◆ What is required ◆
Pictures stay out. Extract the lines below from the first one through the line with "室堂につきました。天気も景色", both included.

Data items
========

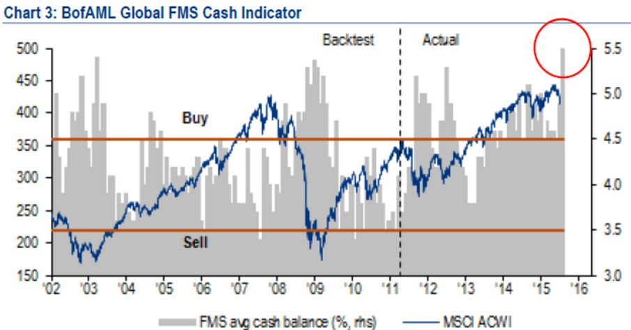Desde Dezembro de 2008 que os gestores de fundos não acumulavam tanta liquidez (já não chegava a acumulação de liquidez na Banca em recordes de 2005, e o crescimento da massa monetária fruto do FED e agora dos 60 mil milhões/mês do BCE e do BOJ), com níveis de liquidez que ultrapassaram ontem os 5,8%, quando a médio do ano passado andou nos 2,4% (existem fundos que têm normalmente liquidez negativa - por terem posições alavancadas, a liquidez é anulada).
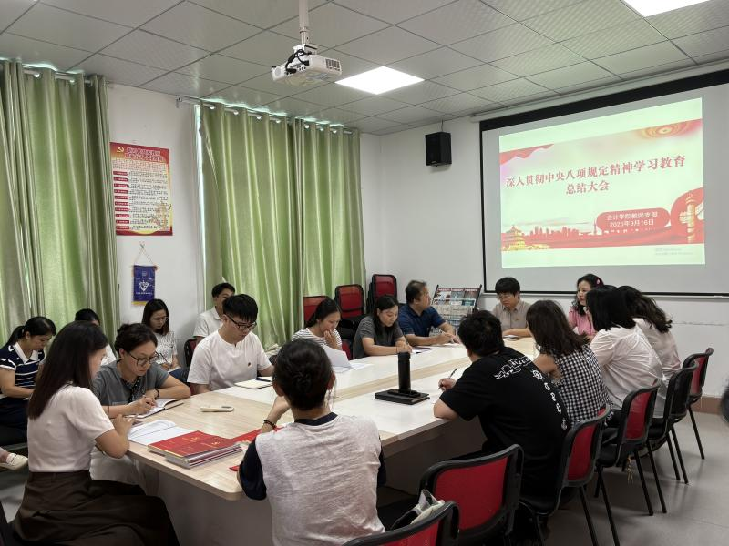 2025年9月16日下午,会计学院教师党支部在学院会议室召开深入贯彻中央八项规定精神学习教育总结大会,全体教师党员参会。
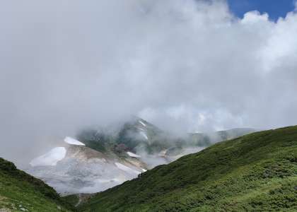 室堂につきました。天気も景色も最高です。周辺を散策して、みくりが池や地獄谷の説明を聞きました。
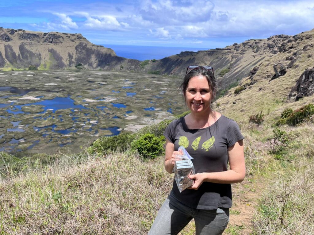 La académica de la Facultad de Agronomía de la Universidad de Concepción, Dra. Macarena Gerding González, se encuentra en Rapa Nui, desarrollando trabajo en terreno, para comprobar los avances respecto de la investigación sobre “Microorganismos simbióticos para la inoculación y restablecimiento de la especie extinta en Rapa Nui: Sophora toromiro”.
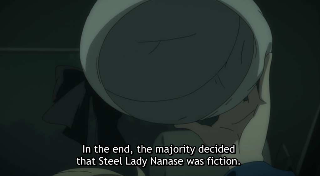 With Iwanaga’s final solution was a success as the people of the forum started to cling to the idea of Karin Nanase being alive and not the Steel Lady Nanase.
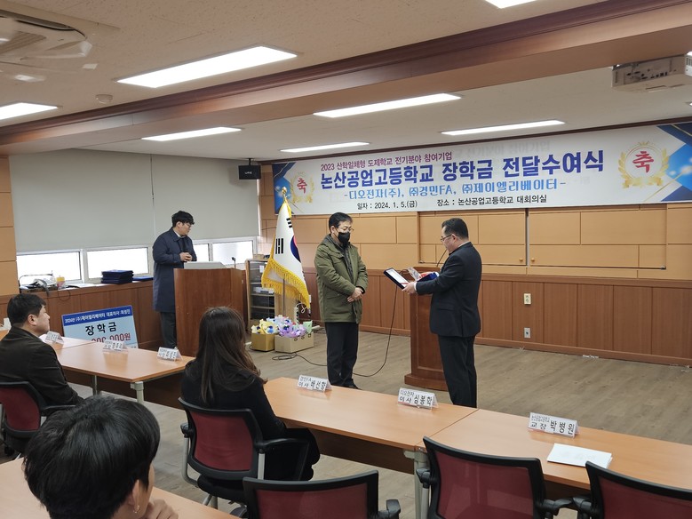 장학금 전달식에는 디오전자(주) 심봉학 이사와 ㈜경민FA 배선향 이사, ㈜제이엘리베이터 최성진 사장이 참석했으며, 이번에 전달받은 장학금은 다양한 교육 활동에서 우수한 역량을 보이는 10여명의 학생들에게 각 700만원씩 전달할 예정이다. 또한, 매년 도제학교 전기분야 학생들을 위해 장학금을 전달받아 2022년에는 500만원을 10명에게, 2023년에는 500만원을 9명에게 전달했다.
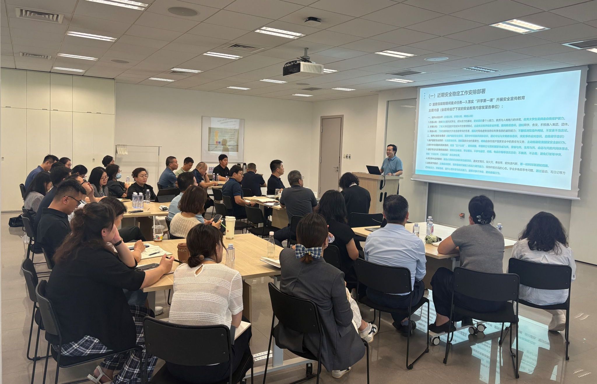 会议首先集中学习了省委教育工委、省教育厅下发的重要保障期安全稳定工作通知精神,并重点传达了8月29日全省教育系统安全稳定工作视频会议精神。其次会议就学校重要保障期期间安全稳定工作向与会单位进行了安排部署。最后,校党委书记赵国华以“安全第一课”的形式,面向全校各职能处室、各二级分院负责人作国家安全与校园安全专题培训辅导。
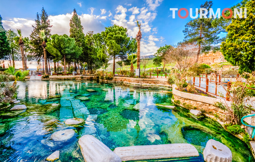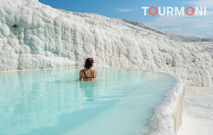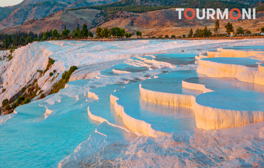 Seuraavaksi sinulla on vapaata aikaa tutkia maailmankuuluja valkoisia terasseja. Paikallisesti Puuvillalinnana tunnettu luonnonihme on syntynyt kalsiumpitoisten termaalivesien virratessa vuorenrinnettä alas, muodostaen lumivalkoisia altaita. Voit kävellä paljain jaloin merkityillä reiteillä, kahlailla lämpimässä vedessä ja ottaa henkeäsalpaavia valokuvia. Aivan travertiinien vieressä sijaitsee kuuluisa Kleopatran allas, jossa legendan mukaan itse Egyptin kuningatar on uinut. Nykyään voit uida kristallinkirkkaassa lämpimässä vedessä, jonka pohjassa lepää aitoja roomalaisia pylväitä (pääsy tähän altaaseen vaatii erillisen lipun).
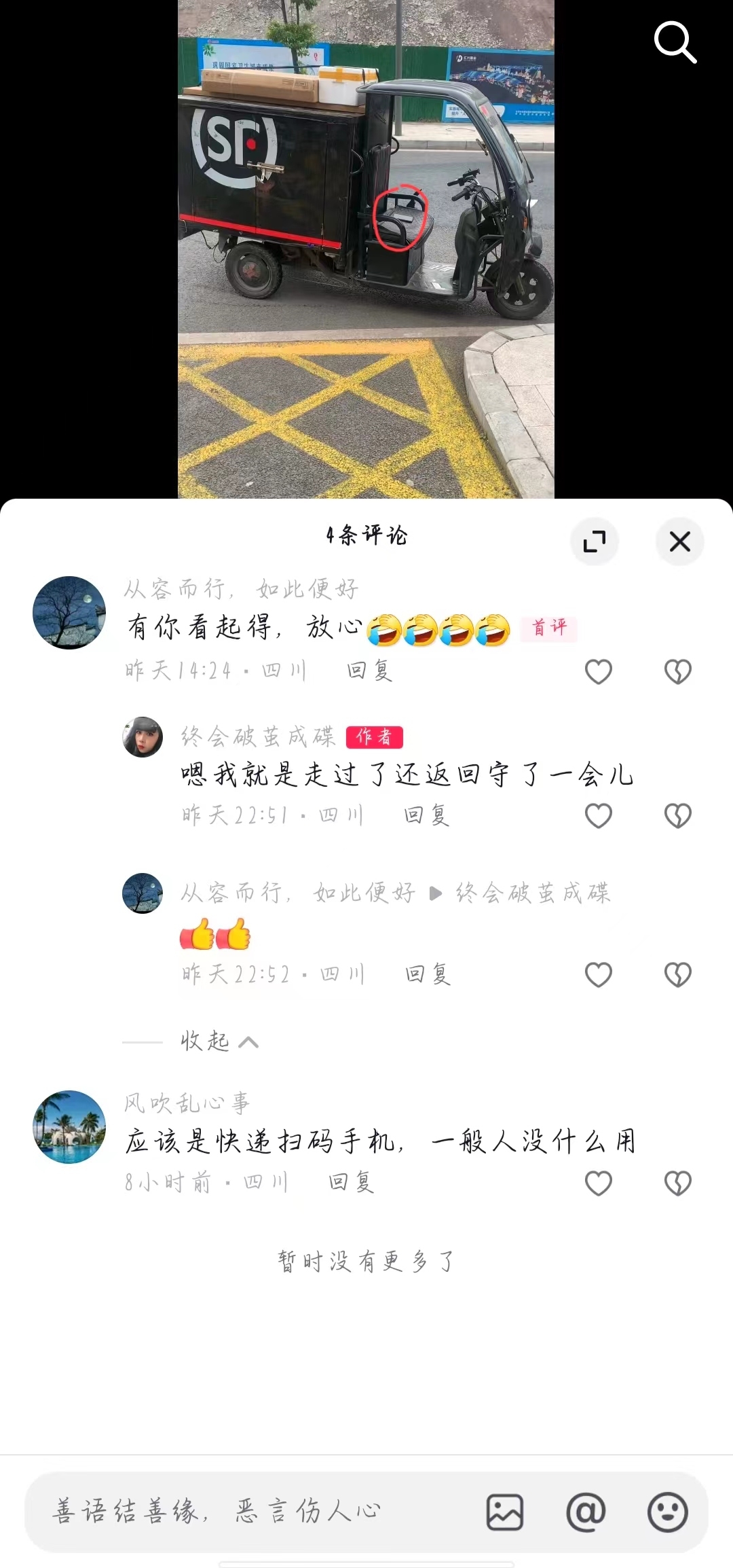 自贡这个网友还挺好,快递小哥的手机放在车上,她还帮忙守了会儿

========

◆ Task output ◆
Desde Dezembro de 2008 que os gestores de fundos não acumulavam tanta liquidez (já não chegava a acumulação de liquidez na Banca em recordes de 2005, e o crescimento da massa monetária fruto do FED e agora dos 60 mil milhões/mês do BCE e do BOJ), com níveis de liquidez que ultrapassaram ontem os 5,8%, quando a médio do ano passado andou nos 2,4% (existem fundos que têm normalmente liquidez negativa - por terem posições alavancadas, a liquidez é anulada).
 2025年9月16日下午,会计学院教师党支部在学院会议室召开深入贯彻中央八项规定精神学习教育总结大会,全体教师党员参会。
 室堂につきました。天気も景色も最高です。周辺を散策して、みくりが池や地獄谷の説明を聞きました。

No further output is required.